Sequel to Djinn Book 2: Where There’s Smoke
Dale Edinger is still cleaning up the hoard he inherited from his Aunt Matilda, and having an interesting time of it. He's also learning to handle his own magic from his mentor, a dragon called Summer. And he's falling in love with the djinn Riadh.
Riadh is the big worry for Dale. He's already turned down one offer to purchase the djinn made by an ethically challenged, ego-driven black magician named Archimedes. Whoever owns Riadh's box, owns Riadh. Dale doesn't want to own Riadh, but destroying the box would destroy Riadh, too, so he isn't quite sure how to fix the problem.
When Riadh's box disappears, Dale knows who has it ... and Riadh. It isn't difficult for Dale to track Archimedes to his lair. But can Dale save Riadh without destroying him?
Outside in the extensive backyard, hot summer sunshine beat down and the scents of dozens of different plants wafted through the air.
"That's lemon verbena." Summer pointed at a row of bushes. "Dig up the weeds around the base of the bushes. Trim six to eight, one-foot long branches off each one and make a stack in the wheelbarrow. Pick up the leaves that blew off the trees and put them in the compost. When you're done, I'm going to ask you which tools have magic."
"You enjoy having free labor," Dale said.
"It has its uses. May I ask Riadh to prune the honeysuckle?" Summer asked.
Dale frowned, wondering for a moment why she was asking him, then comprehended that although she didn't treat Riadh like an object, technically Riadh was his possession. It was apparently courtesy to ask. "If he's willing, then yes," Dale answered.
"It's fine. I like the way the honeysuckle smells," Riadh said.
It took the best part of an hour to do the tasks assigned, making mental notes of what tools he touched that gave him the subtle tingle indicating magic. Dale noticed something bluish on the ground, half covered by a leaf. He picked it up, still holding a bunch of weeds in the opposite hand. At first, he thought it was a very large bug, then he realized it was a hummingbird. Poor thing, it was dead.
It fluttered feebly. Oh, maybe it wasn't dead, but it certainly wasn't in good shape. Maybe if he laid it somewhere protected, it might recover. He stood there thinking for a long moment. His hand felt hot. The tiny bird fluttered some more and a glow surrounded its body. Suddenly it darted away, flying out of his hand. Dale was mystified. He looked down at his opposite hand. The cluster of freshly pulled weeds had become so dry, brown, and brittle that they were practically disintegrating in his grip.
"You don't even know what you did, do you?" Summer said.
"No ... I guess the hummingbird was only stunned."
"It was nearly dead."
"It couldn't have been.
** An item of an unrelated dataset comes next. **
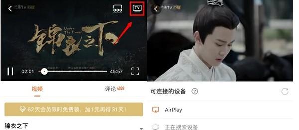 除了以上投屏方式外,针对于支持DLNA协议的音视频App,还可以利用App里面专属的投屏功能进行操作。打开支持DLNA协议的音视频App,选择自己想要观看的影片或收听的歌曲,点击右上角的[TV]按钮,选择LetsView开头的智能电视设备名称,然后你想看的视频、想听的歌曲就可以直接在电视上播放啦!

It flew away."
"You transferred what was left of the living energy of the weeds to the bird and brought him back to life."
"But that's impossible." Dale wondered at the stupidity of the words as they came out of his mouth, especially since he was standing in a garden with a dragon and a djinn. "Isn't it?"
"You're beginning to unfold, one layer at a time." Summer said.
"And what does that mean?"
"Time will tell." Summer regarded him with an inscrutable gaze, and he expected her to breathe out those wisps of smoke she seemed so fond of. "Now tell me which tools are magic."
* * * *
On the drive home, Riadh studied his lover. Dale had been very quiet since they left Summer's farmhouse.
"Did you mean to revive the bird?" Riadh asked.
"I don't know. Not really. I thought it was sad that it was dead and then it wasn't and the batch of weeds in my hand were. I don't even have a clue what I did or how I did it."
"A significant portion of magic is intent."
"But I didn't intend to bring it back to life. And is it really alive or did I make some sort of zombie hummingbird?"
Riadh laughed. "No zombies. It's alive, but then I don't think it was quite dead to begin with."
"Does that make me some sort of necromancer? Or maybe not since you said it's wasn't actually dead, did I heal it?"
"I ... I'm not sure it's that straight forward."
"Between you and the dragon, I'm not getting much in the way of actual answers," Dale said.
"Sometimes magic is cut and dried like following the recipe in a cookbook. Sometimes it's art, intuitive and emotional."
"Are you saying the half dead bird came back to life because I wanted it to?"
"To a degree. I think Summer's right, it's going to take some time to learn if this is something you're good at," Riadh said.
"On the topic of dead things, I forgot to ask her about the pickled demons. Eeww, I sound crazy just saying those two words together."